Take the line that contains "Płyta fundamentowa (lub" as the start and the last line of the entries as the end, and print both and everything between them exactly, without the pictures.

▶ **Provided records**:
Segment Open

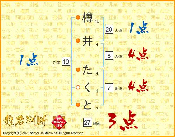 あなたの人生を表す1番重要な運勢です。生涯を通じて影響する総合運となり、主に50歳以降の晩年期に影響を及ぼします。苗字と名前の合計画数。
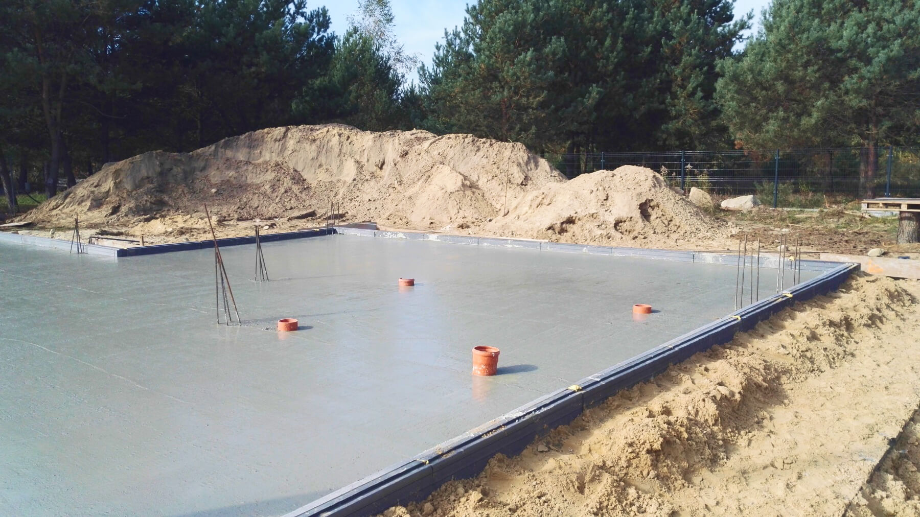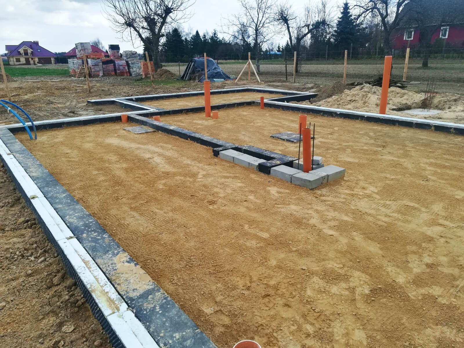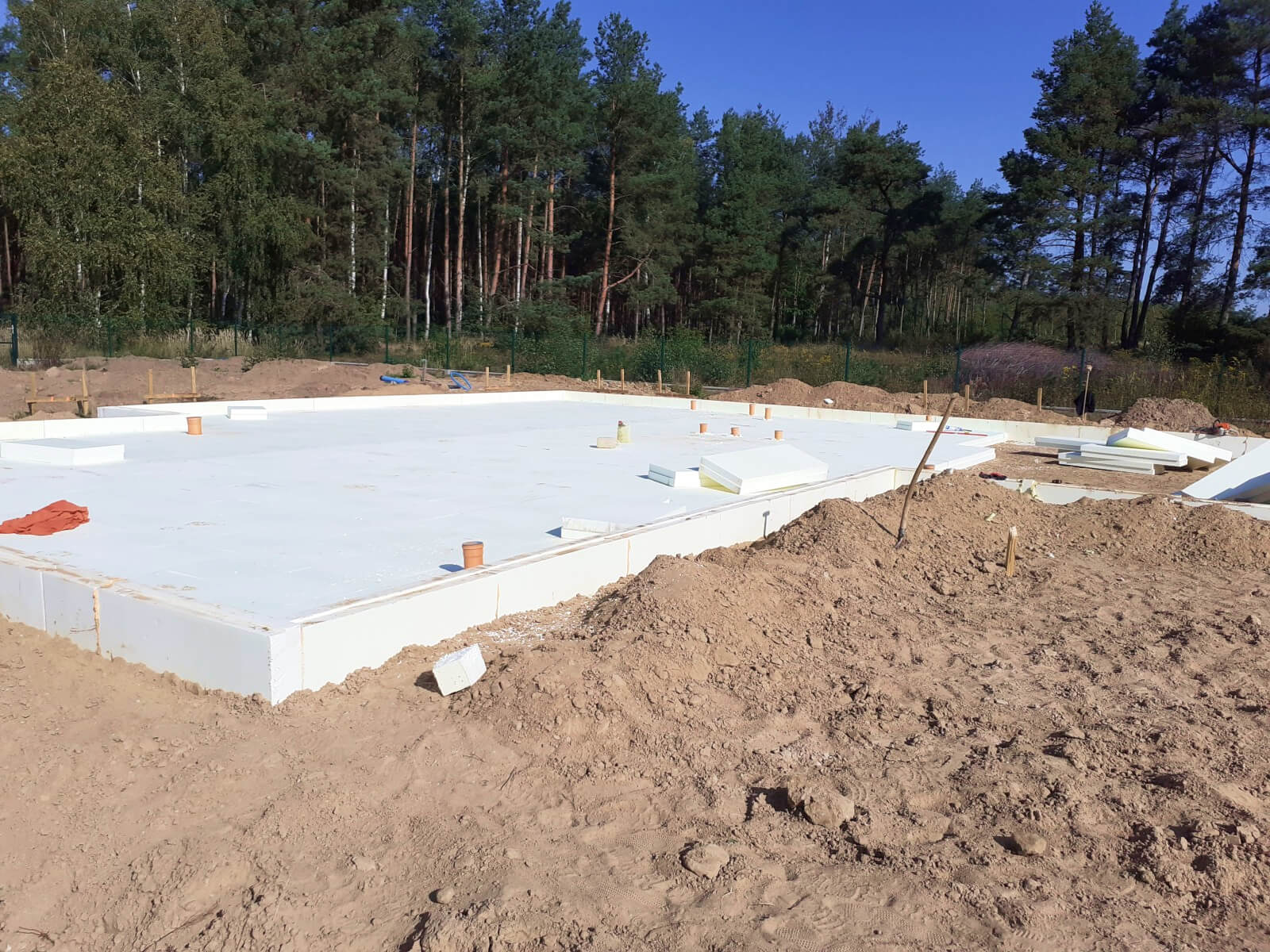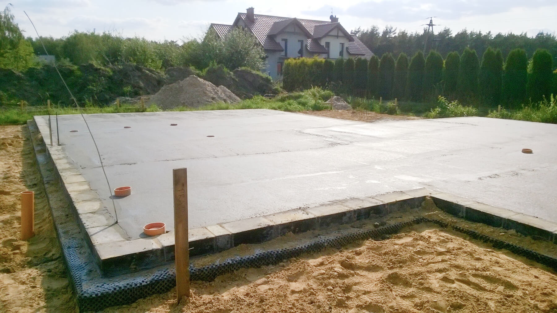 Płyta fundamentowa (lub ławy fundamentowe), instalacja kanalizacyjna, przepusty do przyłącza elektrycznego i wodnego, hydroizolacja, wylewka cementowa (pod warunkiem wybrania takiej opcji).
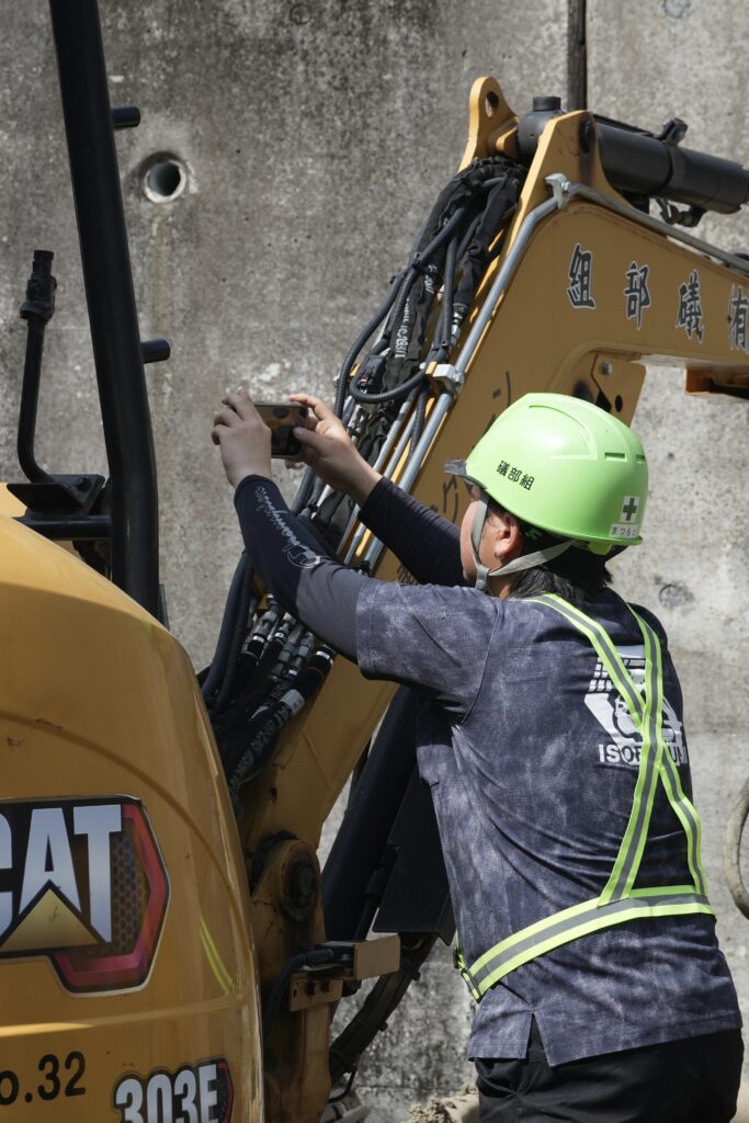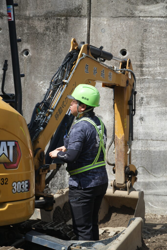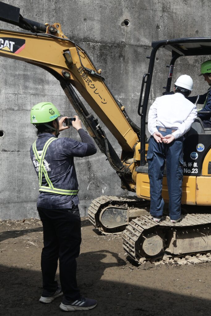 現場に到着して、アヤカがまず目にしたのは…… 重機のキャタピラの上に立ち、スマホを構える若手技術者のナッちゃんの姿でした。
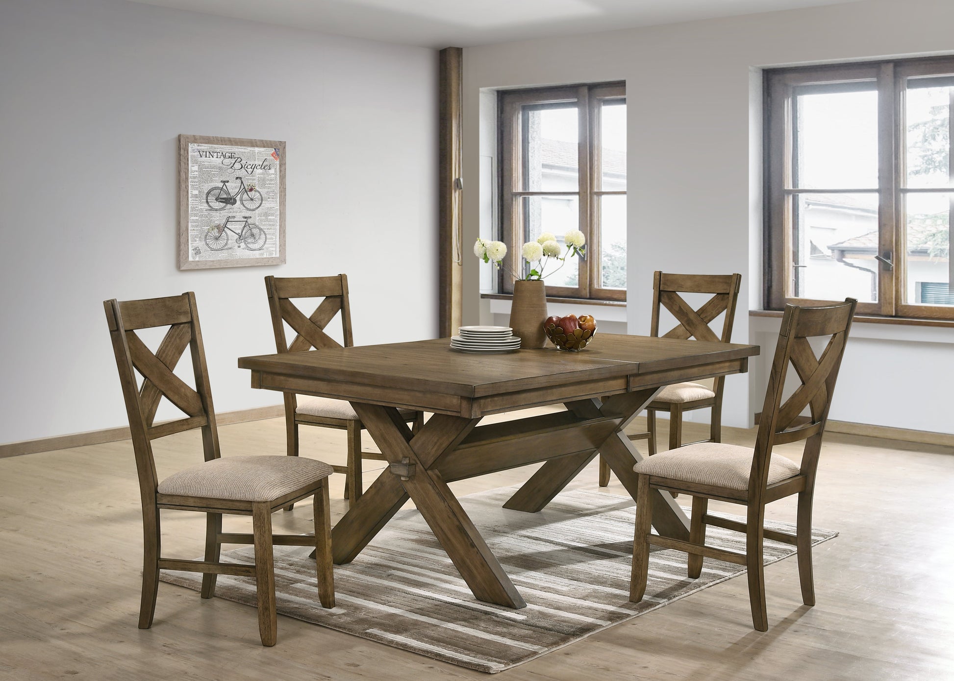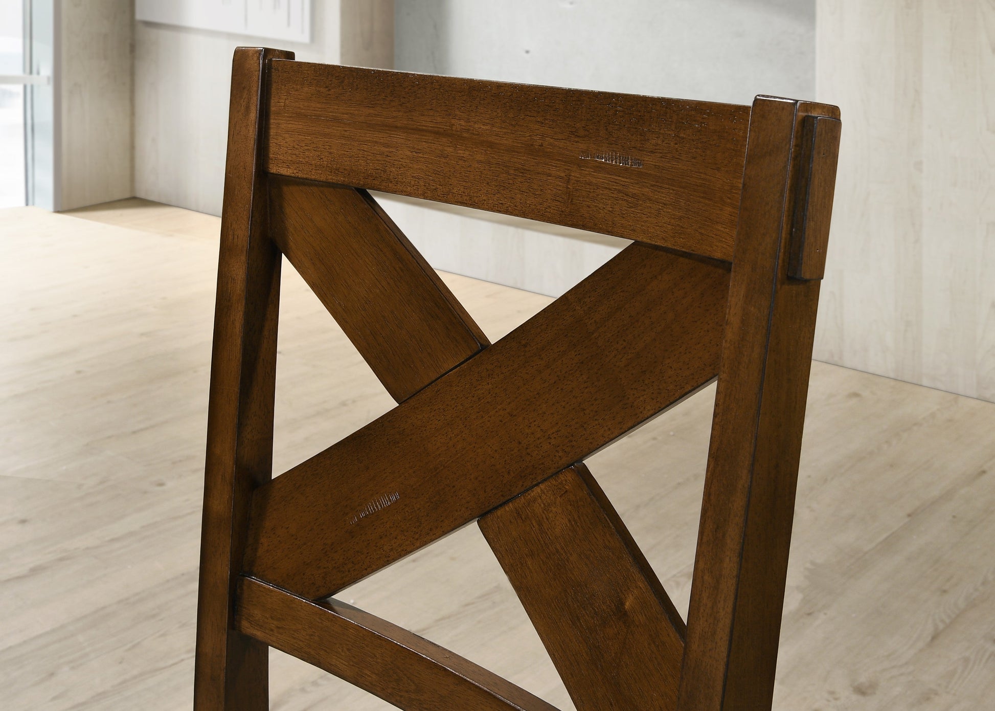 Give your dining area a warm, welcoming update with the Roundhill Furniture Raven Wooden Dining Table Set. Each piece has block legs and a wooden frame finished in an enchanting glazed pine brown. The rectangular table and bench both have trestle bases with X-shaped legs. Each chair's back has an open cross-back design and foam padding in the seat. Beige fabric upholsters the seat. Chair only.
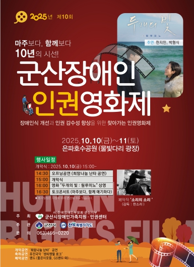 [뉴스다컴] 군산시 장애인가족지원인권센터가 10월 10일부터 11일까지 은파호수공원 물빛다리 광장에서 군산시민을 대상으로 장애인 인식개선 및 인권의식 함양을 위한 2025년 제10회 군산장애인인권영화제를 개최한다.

Segment Closed

▶ **Answer to the problem**:
 Płyta fundamentowa (lub ławy fundamentowe), instalacja kanalizacyjna, przepusty do przyłącza elektrycznego i wodnego, hydroizolacja, wylewka cementowa (pod warunkiem wybrania takiej opcji).
 現場に到着して、アヤカがまず目にしたのは…… 重機のキャタピラの上に立ち、スマホを構える若手技術者のナッちゃんの姿でした。
 Give your dining area a warm, welcoming update with the Roundhill Furniture Raven Wooden Dining Table Set. Each piece has block legs and a wooden frame finished in an enchanting glazed pine brown. The rectangular table and bench both have trestle bases with X-shaped legs. Each chair's back has an open cross-back design and foam padding in the seat. Beige fabric upholsters the seat. Chair only.
 [뉴스다컴] 군산시 장애인가족지원인권센터가 10월 10일부터 11일까지 은파호수공원 물빛다리 광장에서 군산시민을 대상으로 장애인 인식개선 및 인권의식 함양을 위한 2025년 제10회 군산장애인인권영화제를 개최한다.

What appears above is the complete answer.